Libya | October 2016

I was in Libya for the first time at the beginning of the civil war, in February 2011.
In 2016 I went back to Sirte cover the conflict against the Islamic State. 

During the war I went back several times, first to Benghazi to document the fighting in Cyrenaica, along the oil fields of Ras Lanuf, Mersa Brega and Ajdabiya — then to Tripoli, during the conquering of the city by the rebels, and ultimately to Sirte, to cover the final battle, until the capture and killing of the leader Gaddafi.

While documenting the wars and revolutions known as the Arab Springs, in recent years, I have often reflected on how certain dynamics and human feelings – both the individual and the group ones – are so similar across the conflict. The characters change but the hopes, the suffering and the pain are the same. With this idea, I returned to Libya last month, to document for the second time the battle of Sirte, which in 2011 was against Gaddafi and today is against the militants of the Islamic State.

It’s been five years since the civil war occurred. The war has changed, but history is cyclical and repeats itself. The hope for change from a dictatorial state to a democratic one has given way to the hatred and disintegration of people, and the dream of freedom has turned into a nightmare showing under the guise of the black specter of the Islamic State.

Since May, the fighters of Misrata, allied to the government of Tripoli and supported by the international coalition, are struggling against ISIS militants, third part in a diatribe that in recent years torn the country in two opposite coalitions. On one side the former Transitional Government, the New General National Congress based in Tripoli — on the other, the official government of Tobruk and of General Haftar. In this alternation of power and international interests, the real military forces remain the armed groups on the ground who are trying to share of the spoils of a shattered country.

The new war has the same shape and the same suffering of the one in 2011. Sirte has the same neighborhoods, the same streets and buildings — only, they are five years older, as the eyes of those who fought.

I thought it was impossible to see an even more destroyed city, until that city revealed itself in front of my eyes. The holes of the five-year old war add up to the plagues of the new conflict.

Unlike 2011, today’s war is an even dirtier. The ISIS militants have taken control of the Libyan city attracting the population and then imposing on them, through terror and public killings, their rules and modus vivendi.

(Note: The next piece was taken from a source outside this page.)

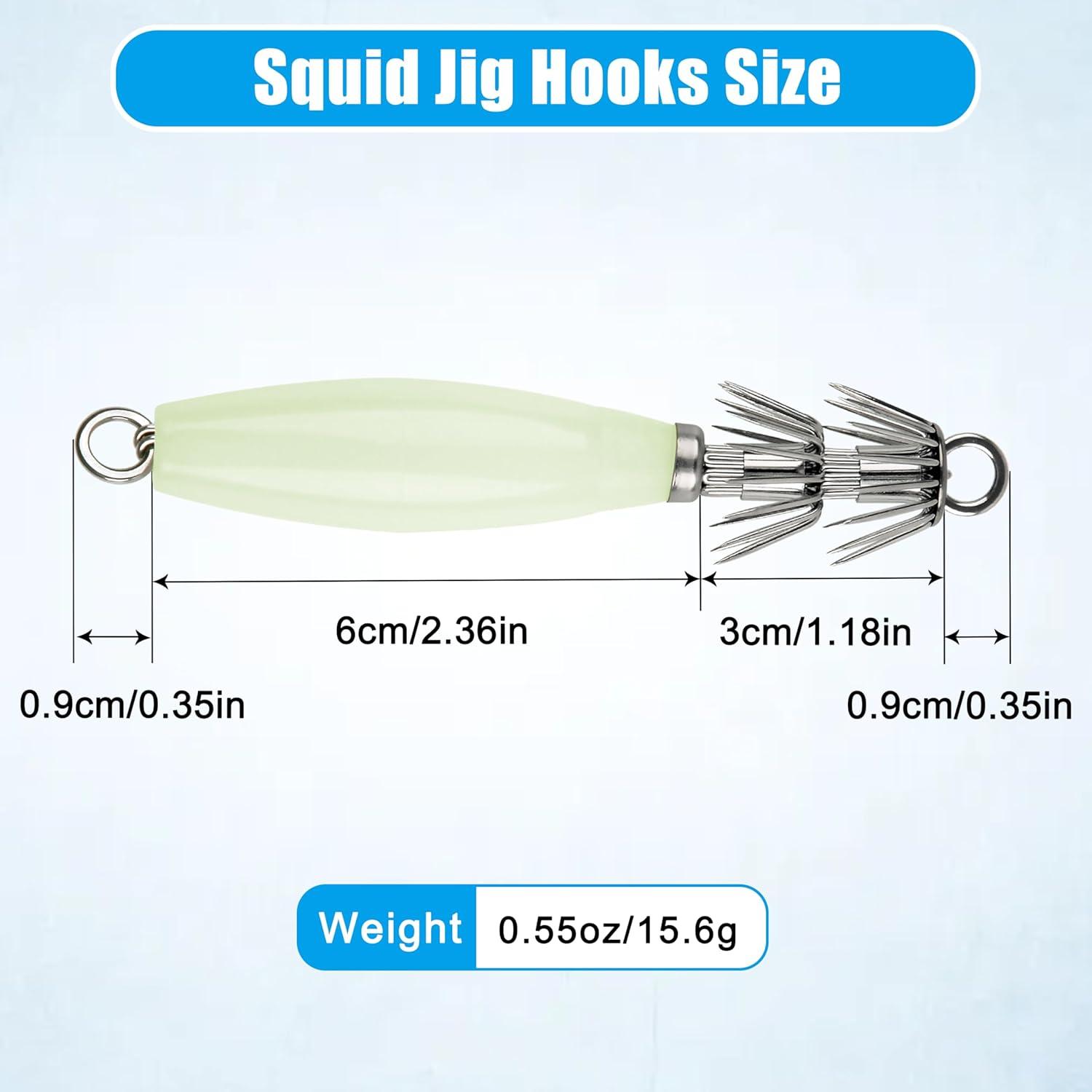 【LONGER LUMINOUS TIME】Especifical luminous lure body for squid fishing have high visibility. After absorbing light, the squid jig lures can glow in the dark to attract squid. The glow time of our squid jigs saltwater is longer than others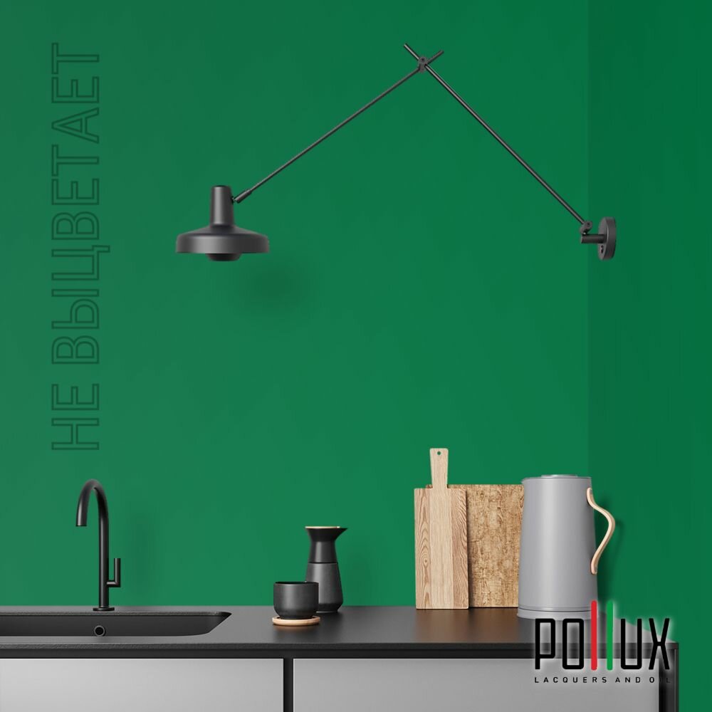 Краска моющаяся интерьерная для стен и потолков, Pollux INTERIOR без запаха, быстросохнущая, акриловая, матовое покрытие, цвет NCS S 6030-G, 1л.

Now abandoned and under attack, they try to resist in the only district still under their control: the District 3 of Sirte. As ghosts, IS militants use, over snipers, also unconventional weapons as boobytraps, IEDs and car bombs to withstand the siege. As a consequence, the fighters of Misrata, with no training and no military organization, struggle to move forward and conquer new positions, even despite the help they receive from Tripoli’s aviation and from the International community.

During my weeks in Libya, I witnessed two big offensives. Both left around 50 people injured and around 10 killed, without having the fighters affiliated to Tripoli’s government purchase new positions.

Compared to 2011, also the freedom of movement for journalists – and consequently of witnessing – has changed. While during the civil war, without a recognized governing body, it was much easier to photograph and move on the ground, now the bureaucracy has become exhausting: several weeks of waiting are needed to get a visa and to work in Sirte you have to ask for four different permission and there are moments and areas which are off limits. You get often stopped for checks.